Taymindis commented 2 years ago

@Skoucail

do you mind to tell me the exact branch version that you are built from? Let me try on my side as I have very simple test to check whether is has multiple result

Skoucail commented 2 years ago

@Taymindis There are no commits since yesterday so basically the 2.2 branch

git clone -b 2.2 --recurse-submodules https://github.com/RediSearch/RSCoordinator.git

Taymindis commented 2 years ago

image

This is the result for v2.2.0, seemed ok to me, 3 master and 3 replica also.

But after i restart all 6 node, the result will become multiple, this is also happening to v2.0 image

Skoucail commented 2 years ago

@Taymindis

So guess we confirmed there is an bug. Seeing it only happens on clusters the chance that its RSCoordinator related and not Redis or RediSearch is big.

Taymindis commented 2 years ago

@Skoucail

I just realized i setup wrong config for persistent file which incurred multiple data, I have re-configed, now every working fine for V2.2

Skoucail commented 2 years ago

@Taymindis

Can you explain what I need to check/change?

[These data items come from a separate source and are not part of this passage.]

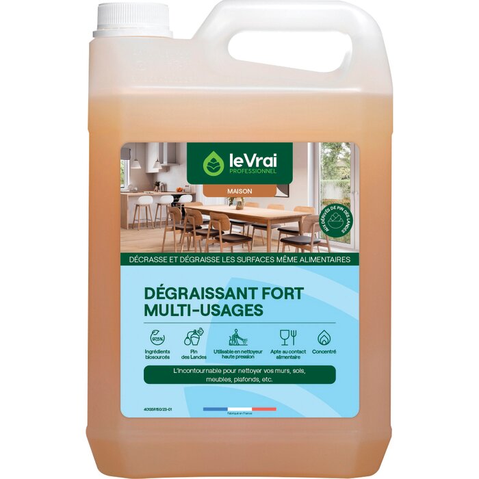 Le dégraissant désinfectant Le Vrai Professionnel à la formule biotechnologique et prête à l'emploi, est idéal pour nettoyer, dégraisser et désinfecter les surfaces de la cuisine. Il élimine 99,99% des germes sur les réfrigérateurs, micro-ondes, plans de travail, tables non sensibles aux acides, etc.
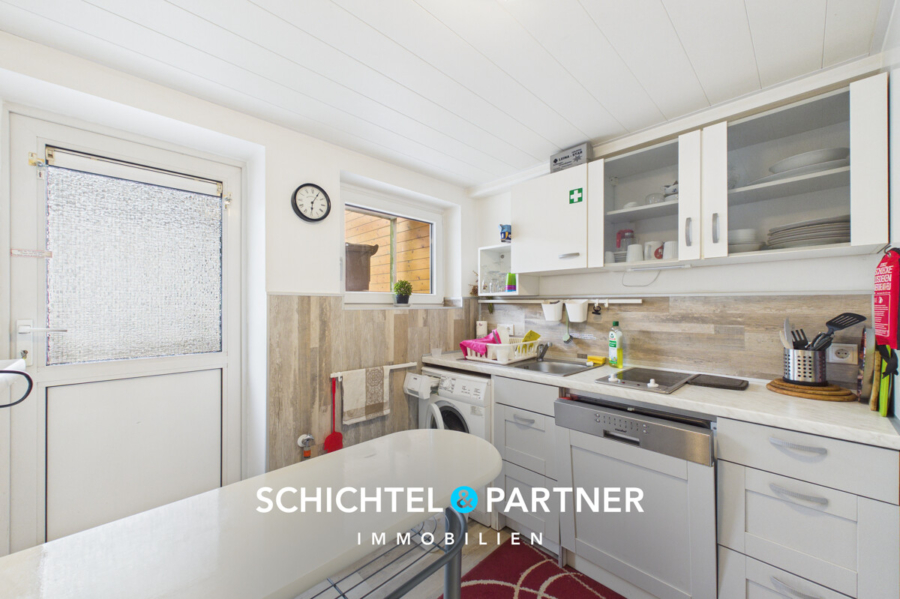 Bodenbeläge aus Laminat, Vinyl und Fliesen sorgen für pflegeleichte und langlebige Oberflächen. Die zweifach verglasten Kunststofffenster stammen von ca. 1985, teilweise sind elektrische Rollläden installiert, die zusätzlichen Komfort und Privatsphäre ermöglichen. Die effiziente Gas-Zentralheizung wurde ca. 2013 erneuert, und robuste Kupferrohre gewährleisten eine zuverlässige Wasserführung.
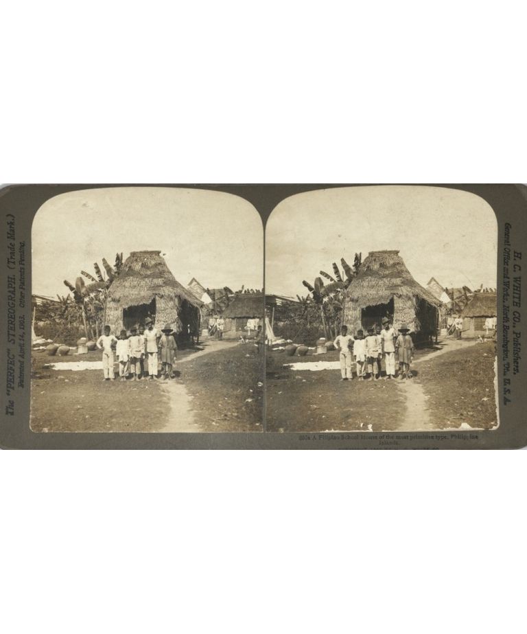 A Filipino School House of the most primitive type, Philippine Islands.
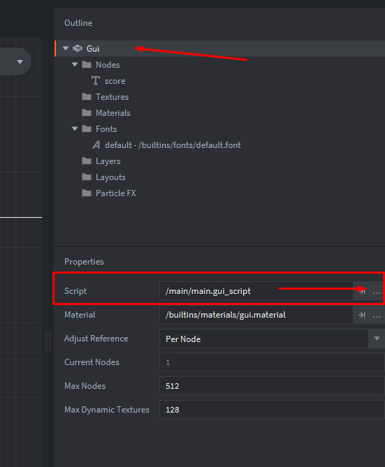 Открываем main.gui и кликаем по Gui, привязываем скрипт main.gui_script к этому gui в поле Script:
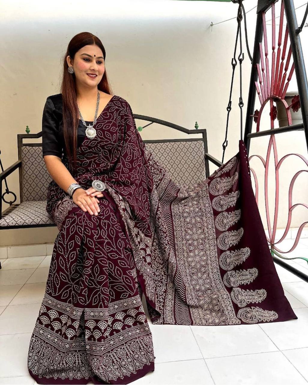 Please note this product is handcrafted by Indian artisans with environment friendly dyes. There might be slight irregularities and unevenness in color and prints which make it an exquisite piece, proclaiming it to be completely handmade. Saree may bleed in initial washes
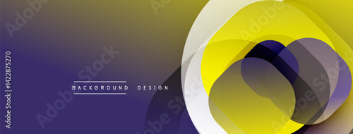 Abstract geometric composition. Overlapping circles create dynamic visual interest. Gradient background transitions from dark purple to golden yellow hues. Modern design element.
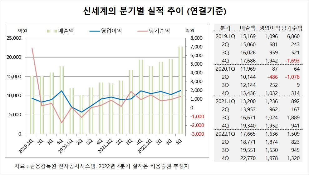 이미지 확대보기키움증권은 신세계의 지난해 4분기 연결기준 매출액이 2조2770억원, 영업이익이 1978억원, 당기순이익이 1320억원에 이를 것으로 전망하고 있습니다.
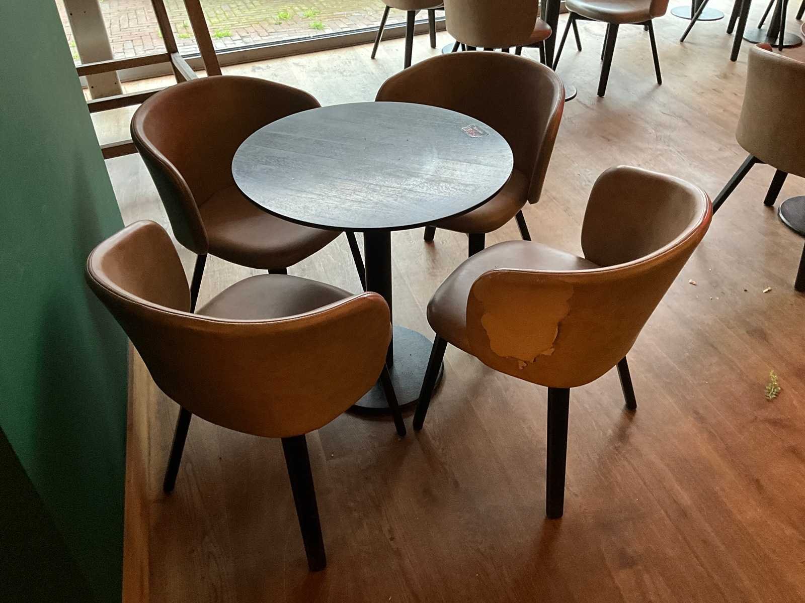 Afmeting tafel Ø 70 cm, hoogte 74 cm. Afmeting stoelen: 64x48x78 cm, zithoogte 45 cm. Merk: Hutten
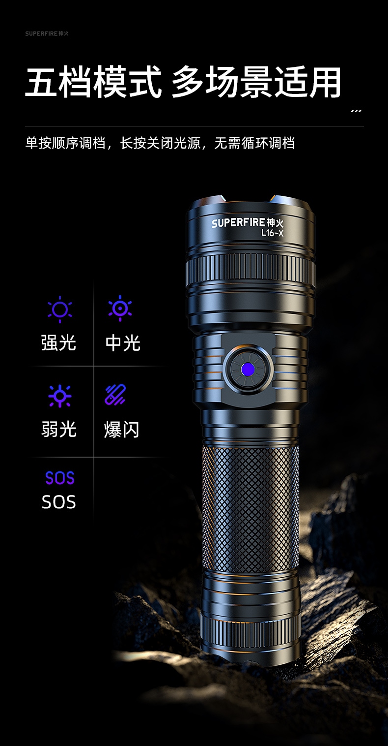 1、多檔調(diào)光,滿足不同環(huán)境下使用需求。 2、鋁合金筒身,防水耐摔。 3、推拉燈頭可實(shí)現(xiàn)伸縮調(diào)焦。

Because for me it only started failing after updating to v2.2.

Taymindis commented 2 years ago

@Skoucail

I have no idea how you config the datastore as I dont have experience on that

For my configuration is very basic,

6 Nodes, (3master, 3slave) redis-6379.conf to 6879.conf

Skoucail commented 2 years ago

@Taymindis

We are running each redis node in a different docker => dumpdbfile, AOF and nodeconfig are unique. And we are still having the doubles....

And again, we had no issues in v2.0. So some bug must have been introduced in the v2.2.

Taymindis commented 2 years ago

@Skoucail

But now I have no issue on v2.2(i am not running docker).

Probably you are right, it could be an issue with running docker.

Skoucail commented 2 years ago

@Taymindis

What version of redis are you using? We are using 6.2.6 Did you try reboots and failovers? Maybe those are screwing things up

Is it normal RSCoordinator goes to all nodes (master and slaves) to get results? I would think for performance it only goes to masters or slaves instead of all nodes.

Otherwise i dont know either We were running 3 identical RSCoordinator cluster (alpha, beta and prod) We upgraded the alpha to v2.2 => issues with doubles on all FT.SEARCH The other 2 clusters are running 2.0 (2.0.10) and have zero issues.

Also downgrading seems to be an issue, if i try to go back to v2.0 redis is just not starting up anymore. With some module failed errors.

Taymindis commented 2 years ago

@Skoucail

My Redis Version is

Redis server v=6.2.6 sha=00000000:0 malloc=libc bits=64 build=4642fd5b30d113c8

I had 3Master, 3Slave rebooted one by one, failover back and forth, So far so good.

The only difference is you have a datastore, I am not sure how you configure it, maybe you have some reference that I can set up?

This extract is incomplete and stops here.